PTPRD homozygous knockout, heterozygous knockout and littermate wild-type animals were produced by heterozygote × heterozygote matings, genotyped and fed with food placed on the cage floors as described (23, 24, 25). Mice of both sexes were tested at 118 ± 49 d of age. All breeding, care and experimentation was approved by the NIDA-IRP Animal Care and Use Committee.

Mouse Behavioral Studies: Motor and Cocaine Effects and Learning

Motor: muscle strength/motor persistence test. Mice were timed for their ability to hold on to a wire screen (5-mm hardware cloth) mounted parallel about 20 cm above the countertop. The test was terminated at 120 s, or when the mouse fell.

Motor: coordination and learning. Coordination and learning were measured on an accelerating rotarod (a rotating cylinder on which the mice had to walk and maintain their balance to prevent falling). The animals were tested over 3 consecutive days with one test per day. The starting speed of the rotating cylinder was 4 rpm, and it gradually increased to 40 rpm over 5 min, which was the cutoff time.
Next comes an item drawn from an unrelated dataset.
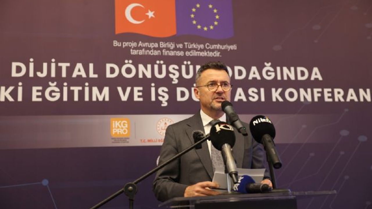 Dijital dönüşümün insan hayatına hızla girdiğine değinen Mesleki ve Teknik Eğitim Genel Müdürü Ali Karagöz, "Bu dönüşümü hayatımıza yön veren değil hayatımızı kolaylaştıran bir boyuta evirmeliyiz" değerlendirmesini yaptı. Dijital dönüşüm kadar son dönemlerde yeşil dönüşümün gerekliliğinin de kendisini gösterdiğini vurgulayan Karagöz, dijital dönüşümün yeşil dönüşümü güçlendirmesi, ikili dönüşüm sağlanması gerektiğini söyledi. Karagöz şöyle konuştu:"Dijital dönüşüm üretimden tüketime kadar her kaynağın nasıl etkili kullanılabileceğini bize en üst perdeden anlatan bir dönüşüm olmalı. Bunu nitelikli, eğitimli işgücü ile yapabiliriz. Bu noktadan hareketle mesleki eğitimin dijital dönüşümün de yeşil dönüşümün de ihtiyaçlarını algılayıp ona uygun üretimin karşılanabilmesini hayata geçirmeliyiz. Bunu da nitelikli mesleki ve teknik eğitimle kazandırmaya gayret ediyoruz."
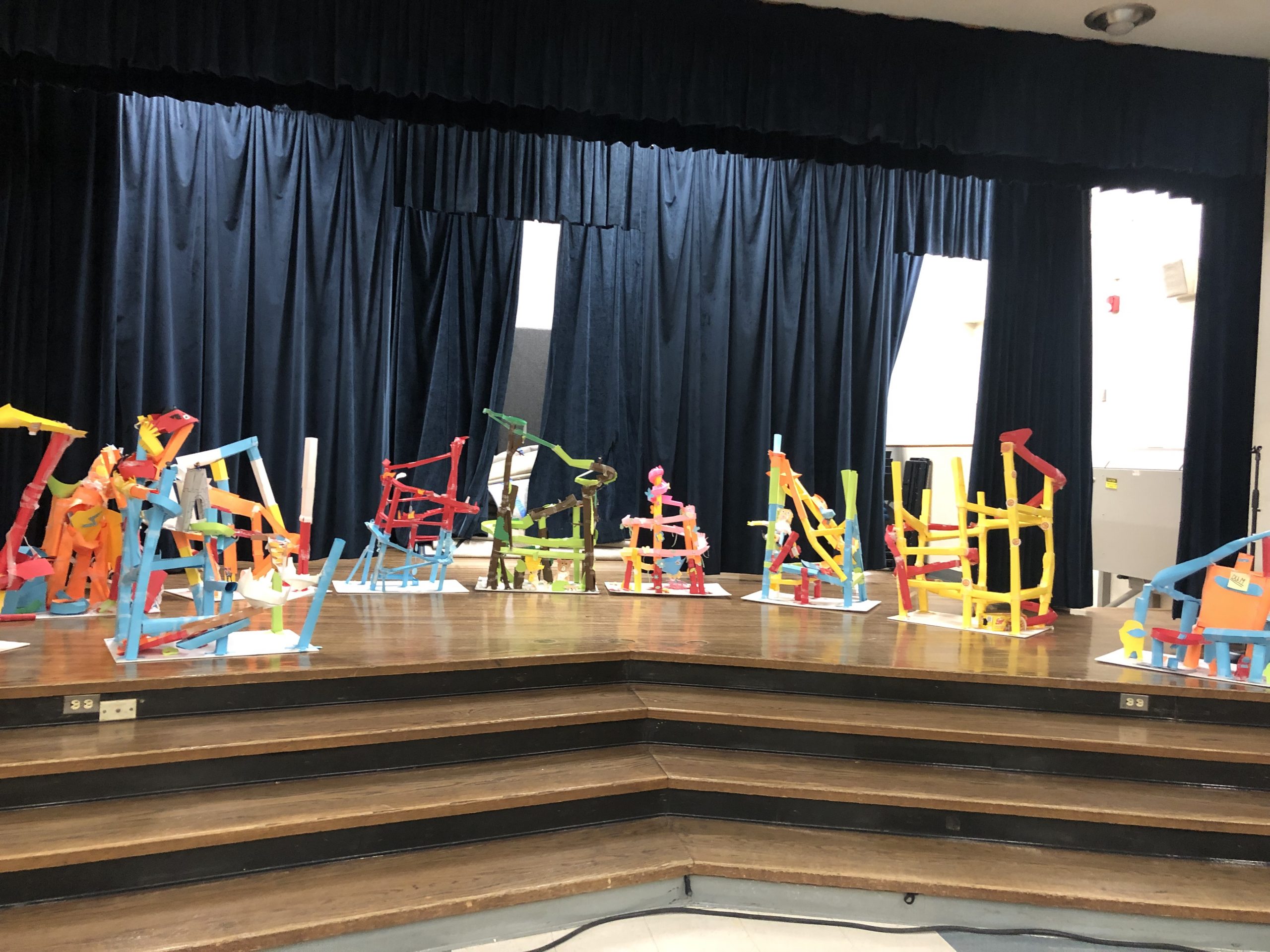 The goal of the sixth grade engineering build was to work in teams to create a roller coaster from cardstock paper to maintain a marble rolling for the longest time. Besides first place and runner-up for the longest coaster time, prizes were given for creativity with the best theme.

Motor: behaviors at the sleep-onset period. These behaviors were evaluated by two independent observers blinded to genotype using videos taken in for the hour before and the hour after lights off for mice of each genotype. Mice were placed in a two-chambered 37 × 20 × 20 cm clear Plexiglas box 12 h before data collection to allow acclimation. One food pellet and one igloo were placed on the floor of each chamber; a water bottle with 10 mL water was taped to each side of the box. Video of the mice (Noldus wvbp-332) recorded at 0600–0800 (1 h with lights off and 1 h with lights on) was scored by two independent observers blinded to the genotypes and sexes of the mice. Times of sleep onset and wake were recorded. A period of wakefulness was defined as movement ≥3 s in length. A period of sleep was defined as ≥5 s without movement. “Twitches” and “non-twitch movements” during sleep periods were also recorded. “Twitches” were defined as sudden, rapid movements of the paws or entire body during sleep. “Non-twitch movements” were slower actions <3 s in length. Data were organized into 10-min intervals, and total numbers of sleep episodes per interval were recorded as “sleep bouts.” A period of sleep overlapping from one 10-min interval to the next was counted as two bouts, one in each interval.
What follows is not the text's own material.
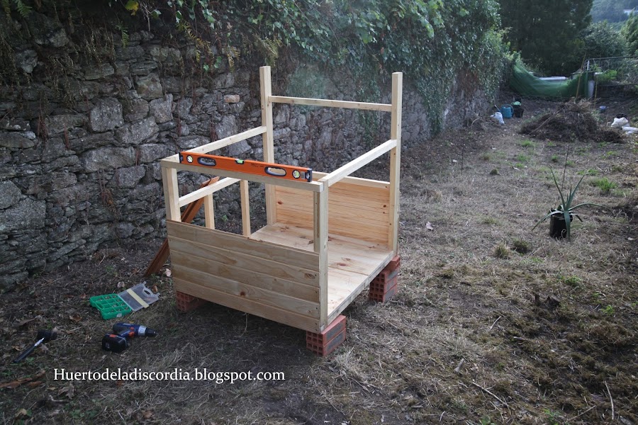 Gallinero en su ubicación finalTambién es importante, antes de montarlo entero, colocarlo es su ubicación final. Así nos ahorramos cargar con una pesada estructura. Yo opté por colocar ladrillos para separarlo del suelo. Es recomendable nivelarlo, aunque supongo que con hacerlo a ojo vale, yo opté por hacerlo con mi nivel. Me gustaría recalcar la separación del gallinero con el suelo. Si dejamos poca separación pueden criar ratas y ratones de
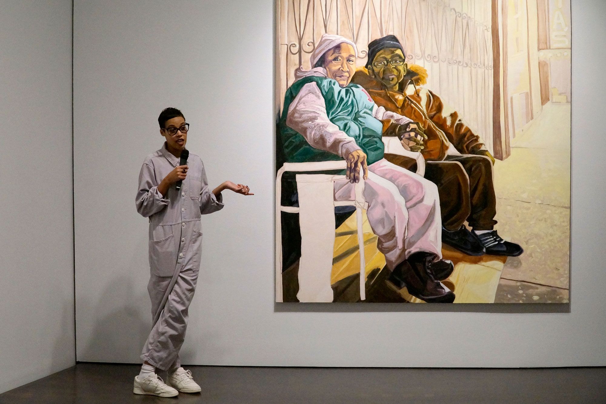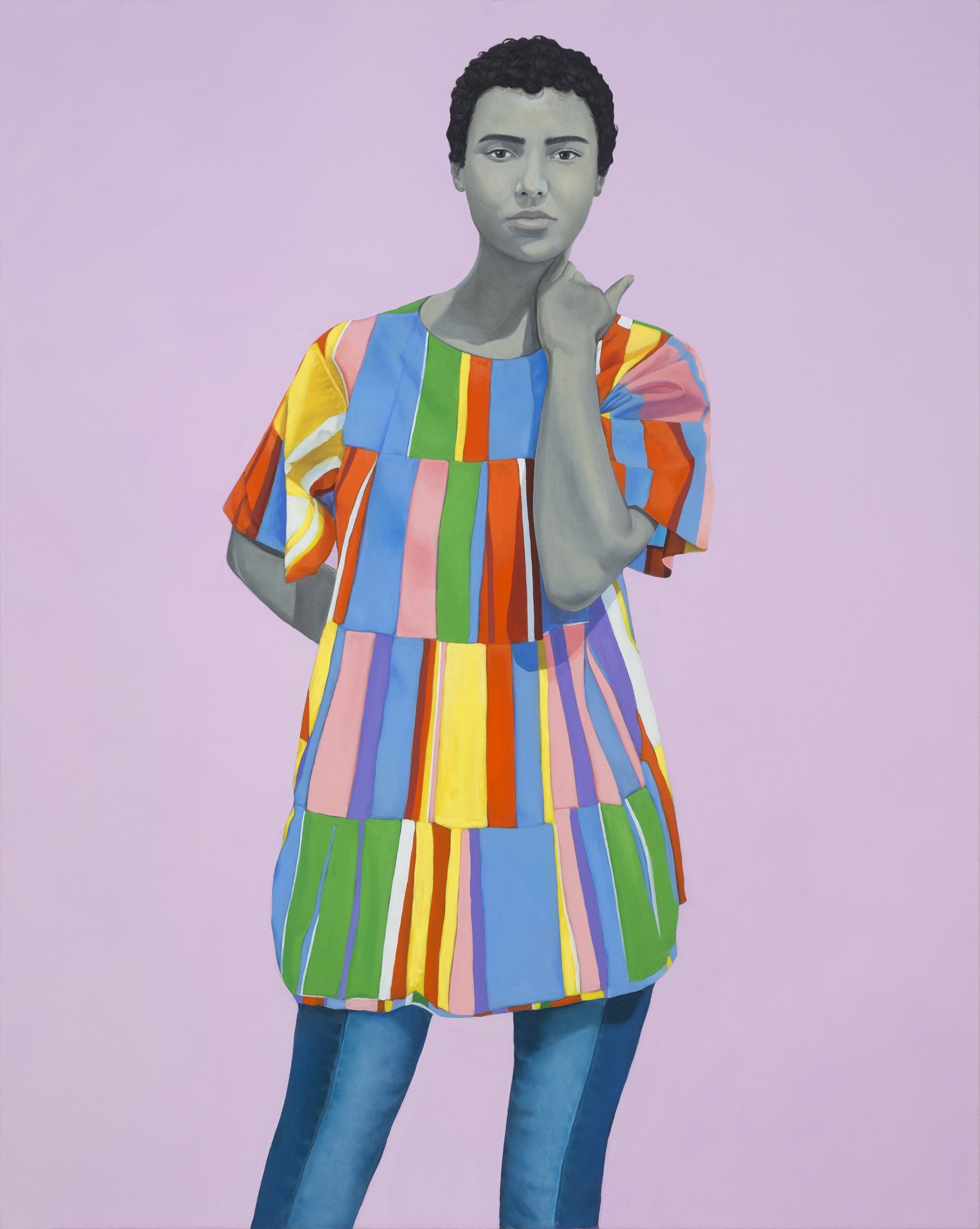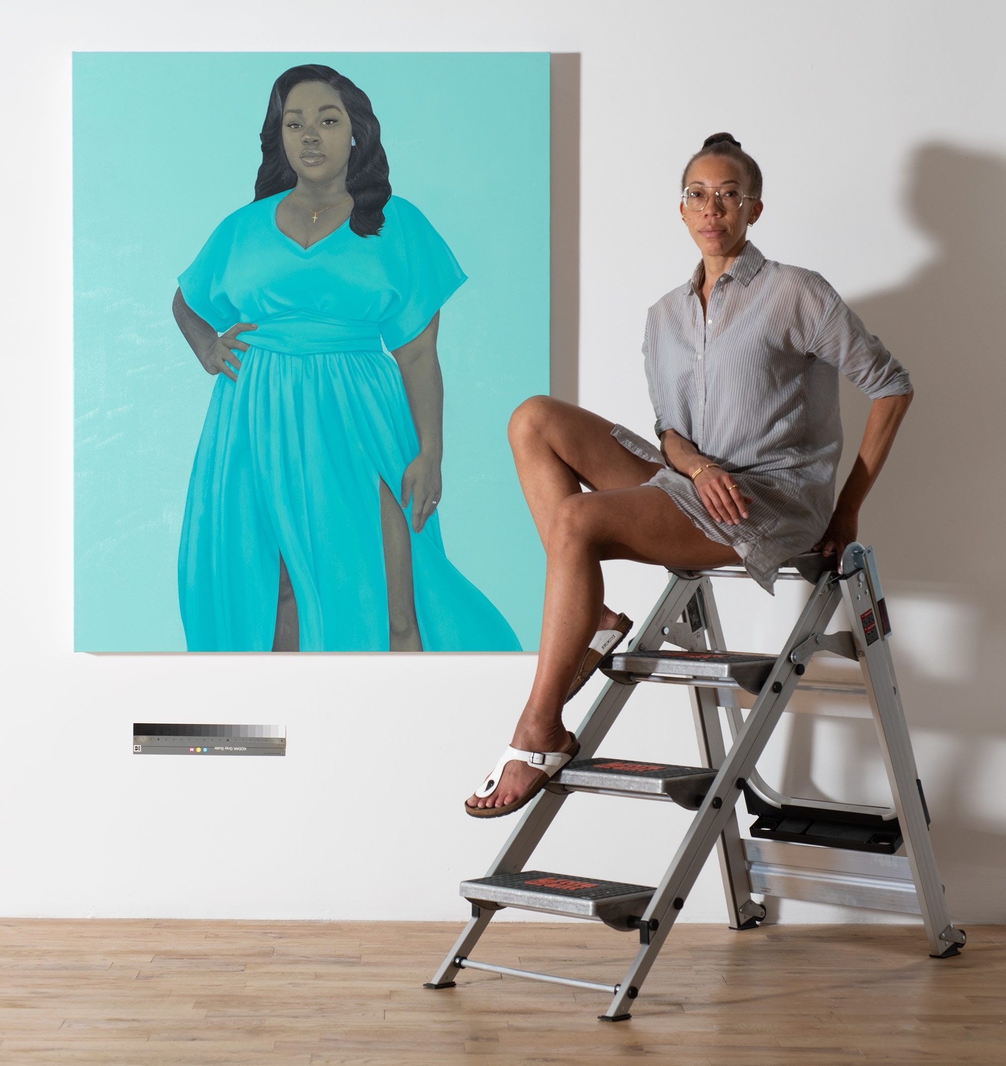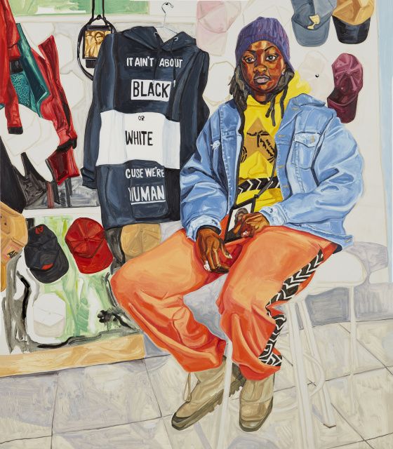 Jordan Casteel is a 31-year-old artist from Harlem, a rising star in the art world who has become famous for representing the everyday life of her neighborhood. Both artists were given carte blanche in the making of the work, with the sole constraint of representing one of the 4 brands chosen by Vogue. Marshall chose Off-White™, while Casteel's choice fell on Pyer Moss and the portrayal of Aurora James, a young black designer who had made headlines for the 15 Percent Pledge program, a campaign to support black-owned business.

Cocaine effects: reward and CPP. Reward and CPP were assessed (26,27). Briefly, side preferences were assessed, four 20-min conditioning trials were conducted (two cocaine, two saline) and preferences were assessed again 24 h after the last conditioning session. Differences between times spent on the drug-paired side during the post- versus pretests were noted.

Cocaine effects: locomotion. Locomotion was recorded (a) during the 20-min pretest (in both halves of the 20 × 40-cm conditioning apparatus), conditioning (20 × 20-cm half of the apparatus) and test (20 × 40 cm) sessions and (b) in 42 × 42-cm sound-attenuated boxes to which the mice had not been previously exposed, for 120-min trials. Total distance traveled by mice that were untreated, saline treated and sampled before treatment, after one treatment and after the second treatment with cocaine was calculated from infrared beam breaks by an Optovarimax ATS System (27).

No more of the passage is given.